Fig. 1 is a diagram of the principle of the present invention, Fig. 2 is a system configuration diagram showing an example of a system consisting of a plurality of machining centers, Fig. 3 is a main flowchart of software in an embodiment of the present invention, and Fig. 4 is a diagram of the third machining center. FIG. 5 is a flowchart showing details of the tool table creation process shown in FIG. 3; FIG. 6 is a flowchart showing details of the tool arrangement list creation process shown in FIG. 3. In the figure, 11... Tool list creation means, 12... Tool arrangement list creation means, 5i-t~51-n... Production schedule list, 5
2...Tool master, 53-1 to 53-n...Tool list, 54-1 to 54
-n... Tool placement list, 55-1 to 55-n...
Tool data list.

Claims (1)

[Scope of Claims] 1. A tool placement management device that manages the placement of tools installed at a plurality of tool attachment sites in a plurality of machine tools, comprising a machining program to be sequentially executed by each of the machine tools. Production schedule list containing program numbers (
51-1 to 51-n) and a tool master (52) that stores the types of tools required to execute each of the machining programs for each program number, which each of the machine tools should sequentially execute. A tool list (53-1 to 53-5) that stores the types of tools required for each machining program.

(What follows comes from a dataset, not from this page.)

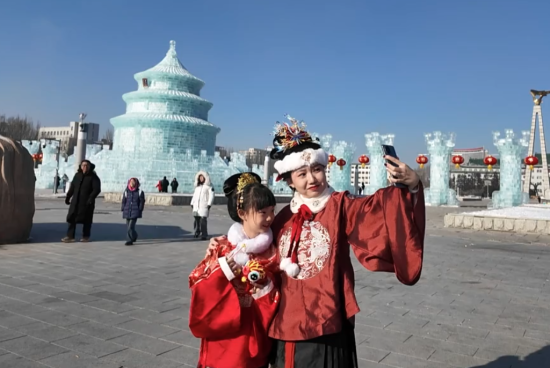 長春打造“藍冰”景觀 市民打卡體驗“冰川世界”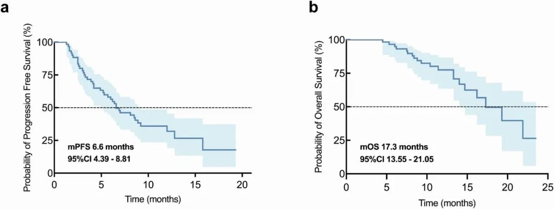 中位无进展生存期为6.6个月,中位总生存期达到17.3个月,一年总生存率为77.6%。

3-n), all of the tools required in the next machining program in the tool list (53-1 to 53-n), and the current machining program. Tool data list (55-1 to 55-n
), a list of tools that can be moved and provided between the machine tools when switching the machining program, a method of moving the tools, and a list of tools to be supplied from the tool warehouse. Placement list (54-1~
Tool placement list creation means (12) for creating 54-n)

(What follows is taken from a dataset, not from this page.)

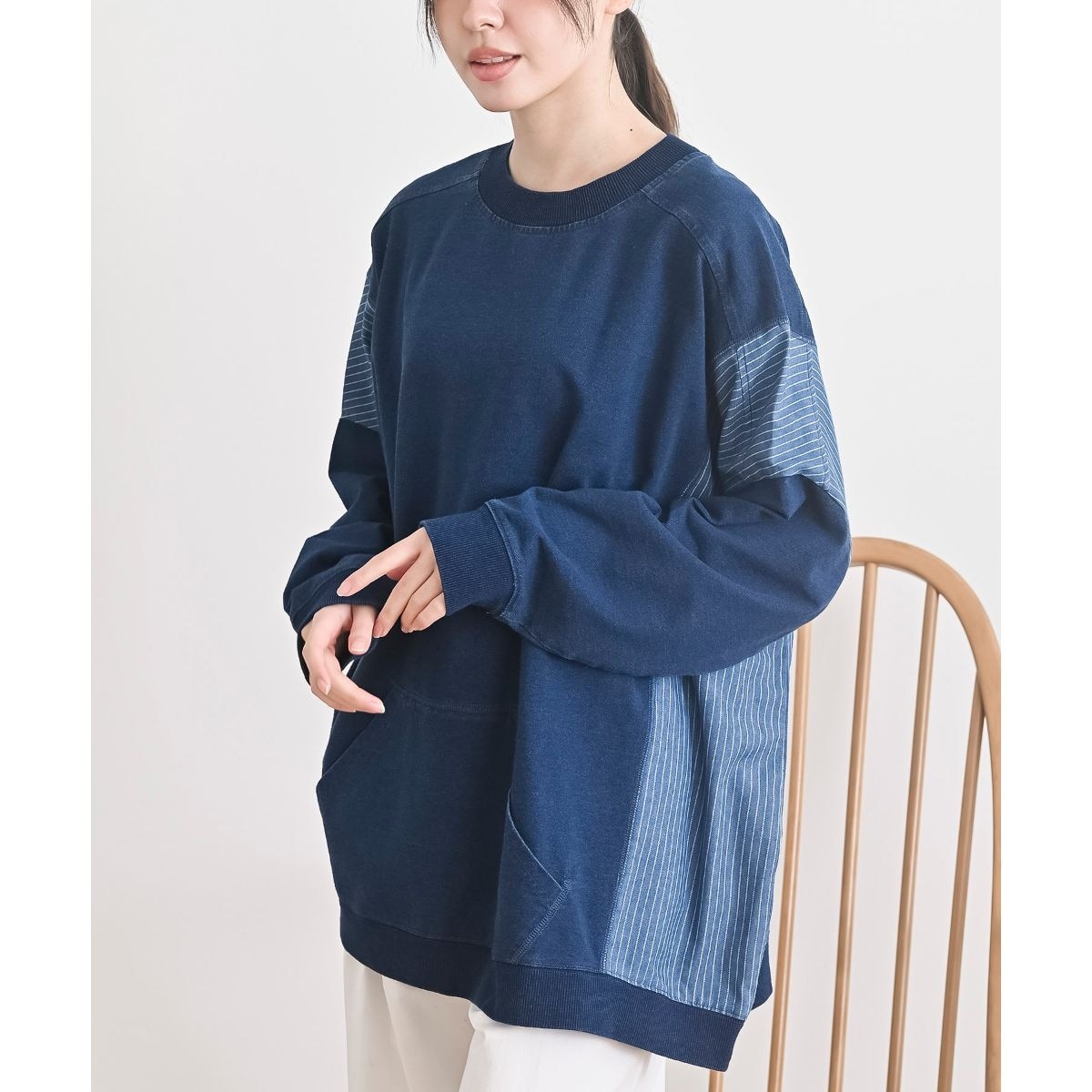 インディゴ裏毛布帛切替ジップパーカー

A tool placement management device comprising: 2. The tool data list (55-1 to 55-n) includes information regarding the tool life and usage time, and it is determined whether the usage time of each tool has exceeded the life span and the results are displayed. 2. The tool arrangement list generating means (12) includes a tool life determination means (13) for storing tools, and the tool arrangement list creation means (12) excludes tools whose lifespan has exceeded from the tools to be moved and provided between the machine tools. Tool placement management device. 3. The tool placement management device according to claim 1 or 2, further comprising tool placement list output means (14) for outputting the tool placement list (54-1 to 54-n).